Source : HellaSwag: Can a Machine Really Finish Your Sentence

3. MMLU (Massive Multitask Language Understanding)

  • Purpose: General Understanding
    MMLU measures the general knowledge of LLMs across 57 diverse tasks ranging from STEM to social sciences, evaluating their understanding and adaptability across various subjects and difficulty levels.

  • Example Question: LLMs encounter questions from different domains, requiring them to apply their knowledge to provide accurate answers, reflecting their broad and versatile understanding.

Source : Measuring Massive Multitask Language Understanding

4. TruthfulQA

  • Task : Recognizing false information
    TruthfulQA tests if LLMs end up spitting out wrong answers based on common misconceptions.

  • Example Question : The tasks are either multiple choice or generation. The following is a generation task.

Source : TruthfulQA : Measuring How Models Mimic Human Falsehoods

5. WinoGrande

  • Task : Context based inference
    WinoGrande tests the ability of LLMs to properly grasp context based on natural language processing take the form of nearly-identical sentence pairs with two possible answers. The right answer changes based on a trigger word.

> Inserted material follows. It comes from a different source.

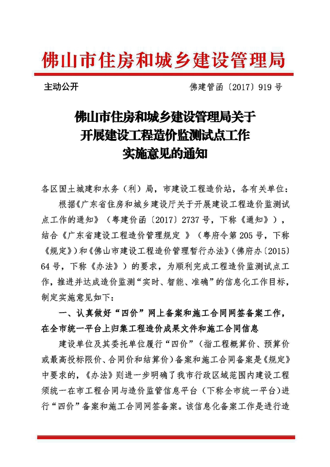 佛山市住房和城鄉建設管理局關于開展建設工程造價監測試點工作實施意見的通知

  • Example Question : To accurately identify the word to which the pronoun refers, the LLM must comprehend the sentence context.

Source : WINOGRANDE : An Adversarial Winograd Schema Challenge at Scale

6. GSM8k

  • Purpose: Mathematical reasoning
    GSM8k tests LLMs on their ability to solve multistep mathematical problems, using basic math operations. GSM8k features grade-school math questions that require two to eight steps to solve, gauging the models' capacity for mathematical reasoning and problem-solving.

  • Example Question : The LLM needs to answer the question by solving math equations that are explained in natural language.

Source : Training Verifiers to Solve Math Word Problems

Limitations and Solutions

Limitations

The benchmark datasets currently in use have notable limitations, particularly in their failure to incorporate the safety of Large Language Models (LLM) as an evaluation criterion. While the OpenAI Moderation API attempts to address safety concerns, it falls short of providing a comprehensive solution. Furthermore, these benchmarks lack a unified framework, resulting in a fragmented evaluation landscape where assessments are scattered across different platforms.

Alternative Solutions

In search of alternative solutions, manual human evaluation emerges as a viable method. This approach involves human judges who assess the quality and performance of LLMs by rating or comparing their outputs. An exemplary platform leveraging this method is Chatbot Arena, where users engage in conversations with two anonymized LLMs. Based on their interaction, users vote for the LLM they believe performs better, with these votes contributing to ELO ratings that rank the models on a leaderboard. There is also the MT-Bench, a multi-turn question set that asks open-ended questions, and uses strong LLMs to judge them. Additionally, the Thumbs up Ratio offers a direct feedback mechanism, allowing users to evaluate the LLM's outputs right away. It thereby provides a straightforward metric for assessing user satisfaction and model effectiveness. We can see that users gave higher thumbs-up ratings to Solar, Upstage's Large Language Model, than to GPT-3.5.

Conclusion

Our examination has delved into the reasons and methods behind evaluating Large Language Models (LLMs). Specifically, we have closely analyzed six benchmark datasets, gaining insight into both their limitations and the alternative approaches within current evaluation methodologies. In Part 2 of our LLM Evaluation series, we will further explore the practical aspects of how these evaluations are conducted, along with addressing various concerns associated with the evaluation process.